The Model Object

What is the model object?

The model object has two main functions:

  • It holds all the objects that represent the network (interfaces, nodes, demands, RSVPs, etc)
  • It controls the mechanics of how each object interacts with others

A network model requires these primitive objects to create a simulation and higher-level objects:

  • Interfaces
  • Nodes
  • Demands
  • RSVP LSPs (only required if network has RSVP LSPs)

From these primitives, the model can construct higher-level objects such as:

  • Circuits
  • Shared Risk Link Groups (SRLGs)
  • Paths for demands and LSPs
  • etc

The model produces a simulation of the network behavior by applying the traffic demand objects to the network topology, routing the traffic demands across the topology as a real network would. The model produces a simulation when its update_simulation() method is called.

Model Type Subclasses

There are two network model subclasses: FlexModel and PerformanceModel.

In general, the FlexModel can accommodate more topology variations, but at the price of a slightly longer convergence time while the PerformanceModel can only handle simpler network architectures, but with the benefit of better convergence time.

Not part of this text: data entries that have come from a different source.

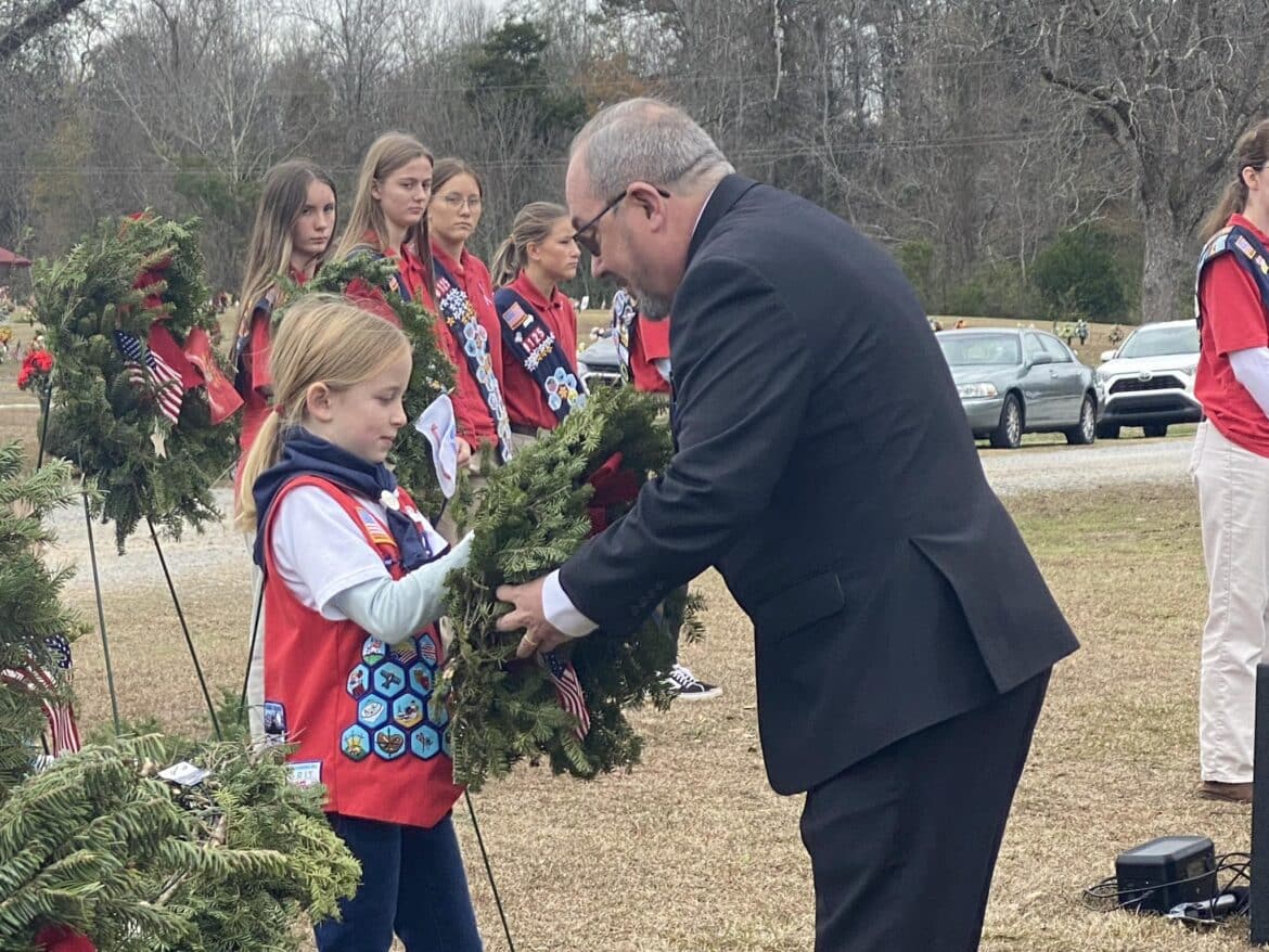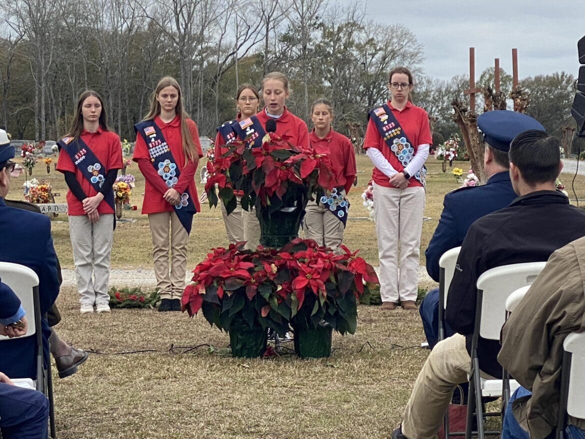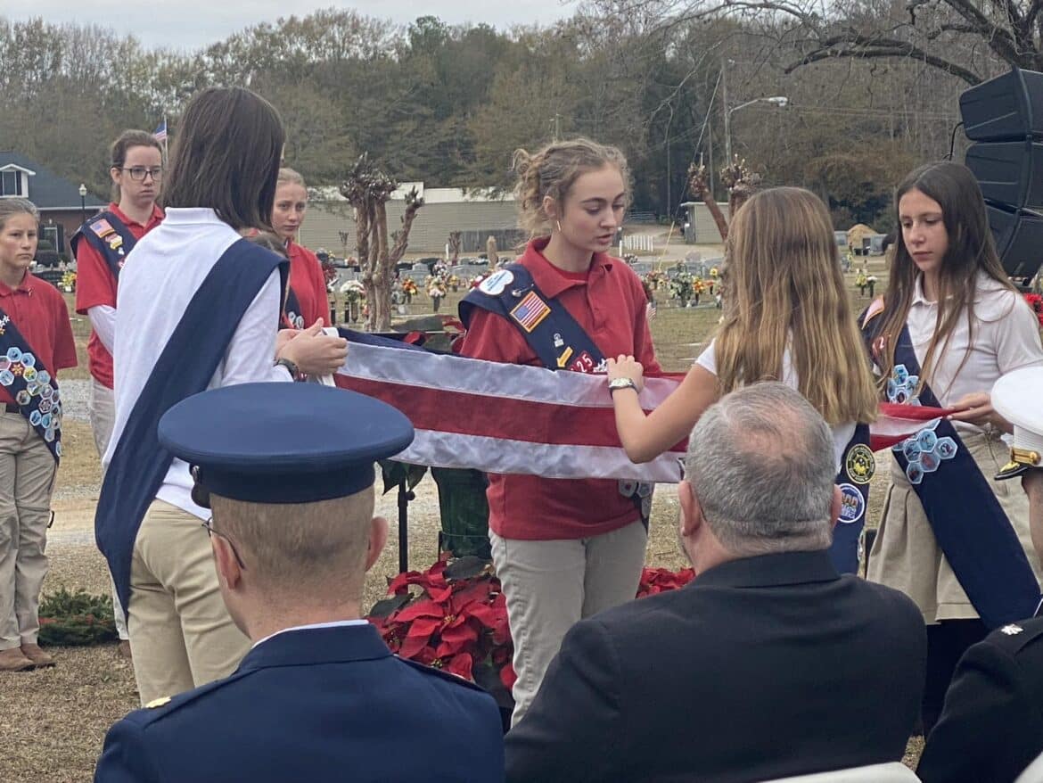 On Saturday, the American Heritage Girls Troop AL0125 hosted the National Nonprofit Wreaths Across America (WAA) event held at the Brookside Memorial Gardens in Millbrook. This is the sixth year the cemetery has participated in the National program. The Wreaths Across America’s mission is to REMEMBER the fallen, Honor those who serve and their families, and Teach the next generation the value of freedom.  Across the country, 4,225 memorial sites participated and had over 2.9 million wreaths. There were approximately 65 planned events that participated in the Wreaths Across America across Alabama.
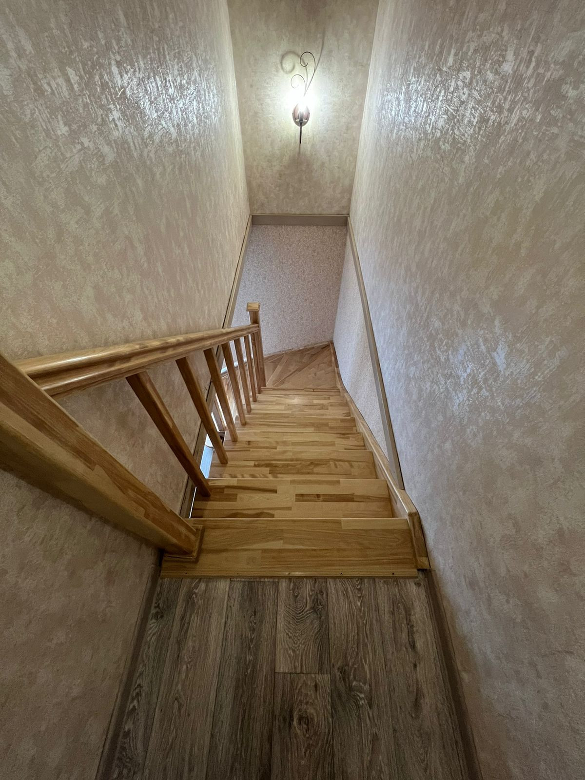 - Пол первого этажа полностью залит пенополистиролбетоном, межэтажное перекрытие: брус 200х200 мм, доска 40 мм, ДСП.
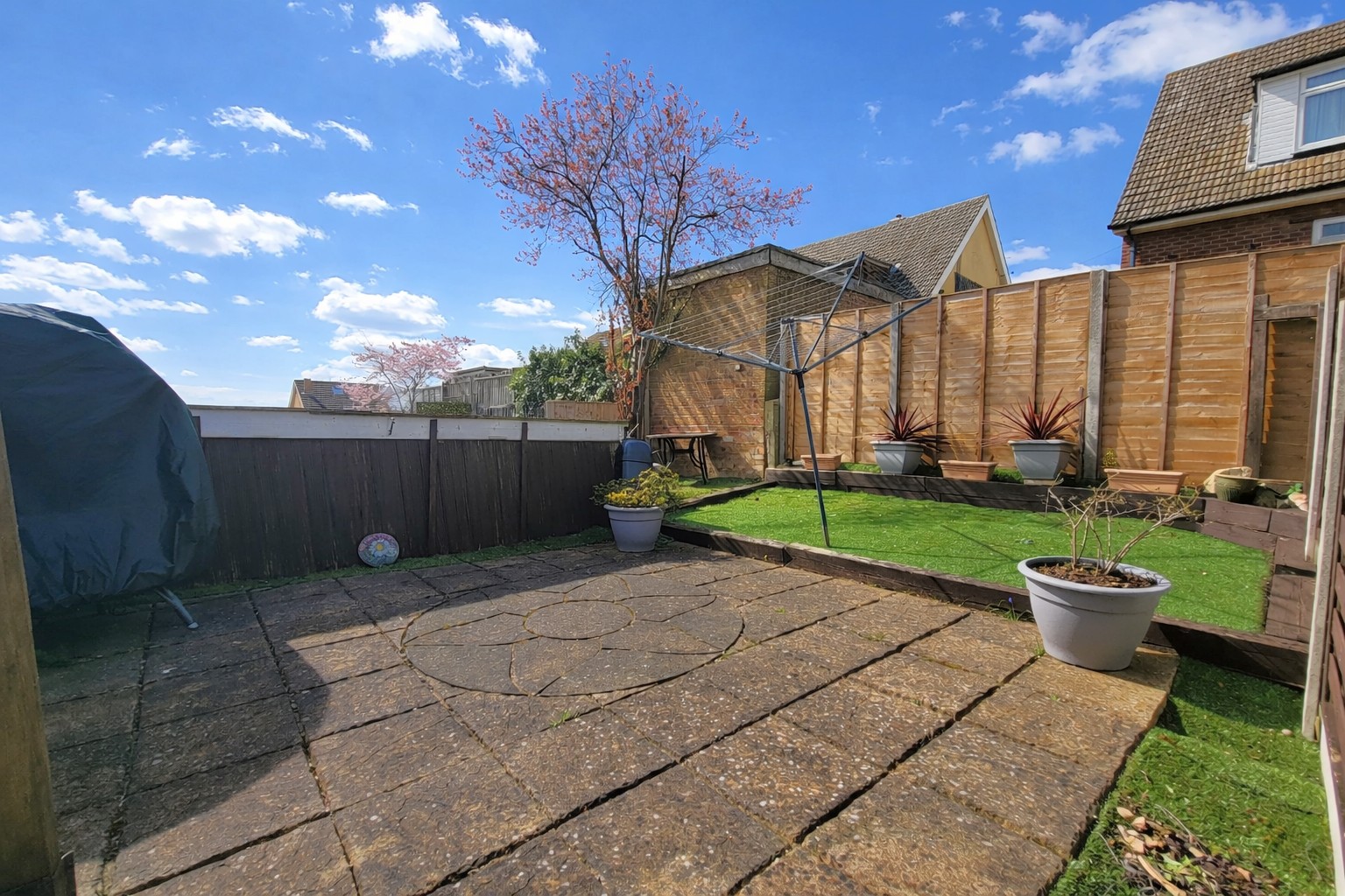 The property is set nicely back from the road with low maintenance artificial lawned front garden. Block paved drive to the side provides off road parking for two/three cars and leads to a good size garage/store with up and over door. Gated pedestrian access leads to the lower patio, steps lead to a raised terrace with circular feature, galleried balustrading opening to an artificial lawn, fenced boundaries.
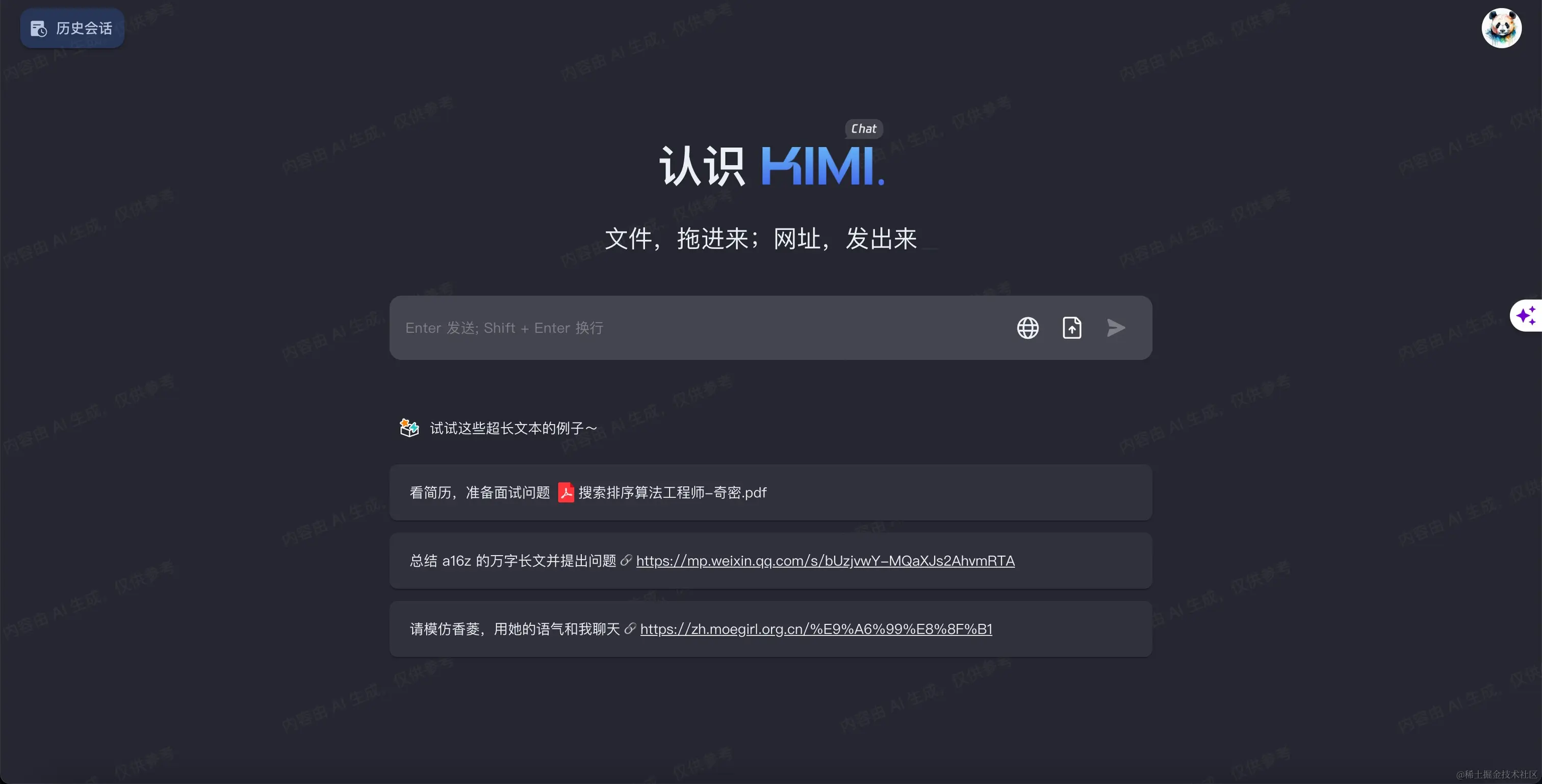 首推 KIMI Chat , 支持联网, 和文件上传. 网址: kimi.moonshot.cn/

All model classes support:

  • IGP routing
  • RSVP LSPs carrying traffic demands that have matching source and destination as the RSVP LSPs
  • RSVP auto-bandwidth or fixed bandwidth
  • RSVP LSP manual metrics

The PerformanceModel class allows for:

  • Single circuits between 2 Nodes
  • Error messages if it detects use of IGP shortcuts or multiple Circuits between 2 Nodes

The FlexModel class allows for:

  • Multiple Circuits between 2 Nodes
  • RSVP LSP IGP shortcuts, whereby LSPs can carry traffic demands downstream, even if the demand does not have matching source and destination as the LSP

How do I know the simulations work correctly?

There are many safeguards in place to ensure the simulation’s mechanics are correct:

  • Multiple functional tests in the CI/CD pipeline check for the expected mechanics and results for each routing method (ECMP, single path, RSVP, RSVP resignaling, etc) and other features in various topology scenarios:
    • If any of these tests fail, the build will fail and the bad code will not make it into production
      • This helps ensure that functionality works as expected and that new features and fixes don’t break prior functionality
    • There are over 300 unit and functional tests in the pyNTM CI/CD pipeline
    • There are dozens of topology-specific functional tests in the pyNTM CI/CD pipeline that ensure the simulation works properly for different topologies, and more are added for each new feature
  • The model object has internal checks that happen automatically during the update_simulation() execution:
    • Flagging interfaces that are not part of a circuit
    • Flagging if an interface’s RSVP reserved bandwidth is greater than the interface’s capacity
    • Verifying that each interface’s RSVP reserved bandwidth matches the sum of the reserved bandwidth for the LSPs egressing the interface
    • Checks that the interface names on each node are unique
    • Validates that the capacities of each of the component interfaces in a circuit match
    • Validates that each node in an SRLG has the SRLG in the node’s srlgs set
    • No duplicate node names are present in the topology

The PerformanceModel subclass also verifies that

  • IGP shortcuts are not enabled for nodes
  • There is no more than a single circuit (edge) between any two nodes

Note that there are more checks involving RSVP than IGP/ECMP routing because there are more mechanics involved when RSVP is running, whereas the straight IGP/ECMP routing is much simpler.

If any of these checks fails, update_simulation() will throw an error with debug info.